Analyser la durabilité de cette nouvelle politique

Analyser la durabilité de cette nouvelle politique

Afin d’évaluer si le développement actuel est durable ou pas, nous dépasserons à nouveau la question de son impact contemporain sur l’environnement social et naturel, pour analyser de façon plus large quelles orientations la politique de développement durable actuelle permet de donner à la durPour l’analyser, nous nous sommes intéressés aux divers dispositifs et instruments par lesquels une politique de développement durable est opérationnalisée, ici pour Eau de Paris. Nous allons voir que (i) d’une part ces dispositifs et instruments sont peu adaptés pour évaluer si ce développement est capable de durer ou pas ; (ii) d’autre part ils modifient peu le régime de développement passé, voir ils contribuent à ce que les acteurs reproduisent –de façon plus ou moins consciente– des dynamiques et des trajectoires de développement qui sont in(sou)tenables à terme. Nous allons analyser cette durabilité sous trois angles : Dans une première section, nous allons préciser pourquoi la politique de développement durable actuelle tend par défaut à se confondre avec une politique de RSE, et pourquoi cela ne permet pas un développement durable (Section 1). Dans une seconde section, nous illustrerons notre propos par une étude des indicateurs qui sont utilisés pour piloter la politique de développement durable d’Eau de Paris, afin d’en étudier les avantages et les limites (Section 2). Enfin, dans une troisième section nous proposerons un contrepoint au cas de Paris afin de mieux l’éclairer : nous étudierons le cas du service public d’eau de Madrid, pour montrer comment même un service d’eau dont la gestion et la politique RSE sont exemplaires peut se diriger vers un développement de plus en plus in(sou)tenable (Section 3).

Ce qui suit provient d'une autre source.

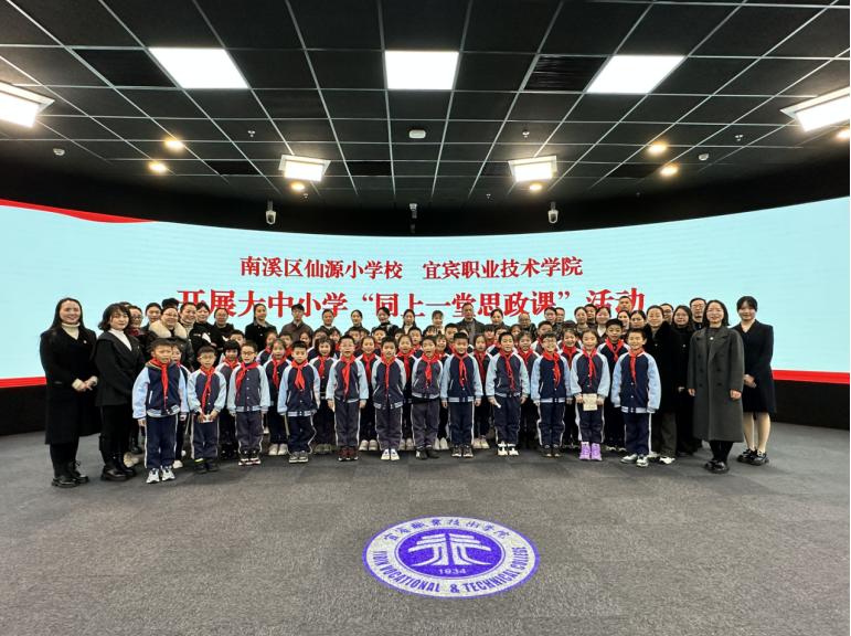 为扎实推进思政课一体化建设,提升思政育人成效,2025年11月25日,宜宾市南溪区仙源小学校党支部精心组织100余名师生代表,奔赴宜宾职业技术学院,开启了“同上一堂思政课”的精彩之旅,活动由带队领导刘晶统筹安排、有序推进。

La politique de développement durable qui est menée tend souvent à devenir une politique de responsabilité sociale de l’entreprise (RSE). Or cela a plusieurs implications majeures pour évaluer ou pour viser la durabilité, ici pour le cas du service public d’eau à Paris. Premièrement toute organisation qui mène une politique de RSO s’engage par définition à respecter le cadre légal et règlementaire (cf. supra) : si cet objectif permet à EDP de bénéficier d’une meilleure acceptation par les autorités publiques (ex: l’Etat, le Préfet, les élus municipaux) ou des parties prenantes concernées (ex: usagers, concurrents, sous-traitants, employés), en revanche rien ne démontre que respecter ces règles suffit pour être durable. Comme discuté dans notre partie rétrospective, les lois en vigueur n’ont pas toujours favorisé les autres territoires, les générations futures, le reste de la société, ni l’avenir du service d’eau parisien lui-même (cf. supra : C3 et C4). Le simple fait que la règlementation évolue avec le temps démontre que jusque là elle ne prenait pas en compte certains des aspects et des problématiques du développement durable. Par conséquent, respecter le droit constitue une base insuffisante pour définir / évaluer si un développement est objectivement durable ou pas. Deuxièmement, toute organisation qui mène une politique de RSO s’engage à « aller au delà du cadre obligatoire » : elle va donc devoir déterminer quel sera son degré d’engagement volontaire au delà du cadre réglementaire. Or ce choix constitue un dilemme majeur, résumé en anglais par la formule « meet or exceed » (LAURIOL, 2004: 142).

En faire trop ? « Aller au delà » de la réglementation et s’engager pour les autres ou pour l’environnement (des finalités externes), cela représente un coût pour l’organisation. S’il est trop élevé ou trop prolongé, il risque de causer son affaiblissement, or « il ne faut pas non plus sacrifier le présent à l’avenir, mais trouver un juste équilibre » (SACHS, 1980 : 66). Face à cette incertitude majeure, l’organisation qui mène une politique de RSO va donc devoir décider de son degré d’engagement en faveur du développement durable total (cf. C2) sur d’autres bases que la réglementation obligatoire ou que la recherche de sa seule performance individuelle (PERSAIS, 2007 ; GABRIEL et GABRIEL, 2004). En pratique, il sera tentant pour un service d’eau de décider d’agir « pour » le développement durable, mais sans se mettre en position de faiblesse pour autant : il laissera alors le soin à d’autres (ex : aux autorités publiques, au Marché, aux ONG) de gérer les problèmes d’intérêt général : « un peu de social, beaucoup d’économie, une pincée d’environnement et n’importe [qui] peut se targuer de faire du développement durable, tout en laissant à l’Etat le soin de se débrouiller avec les questions lourdes : effet de serre, érosion des sols, pollutions chimiques, etc. » (SMOUTS et al., 2005 : 11). Voilà pourquoi les politiques de RSE, qui sont des actions individuelles, restent peu adaptées pour résoudre le dilemme d’action collective que pose le développement durable.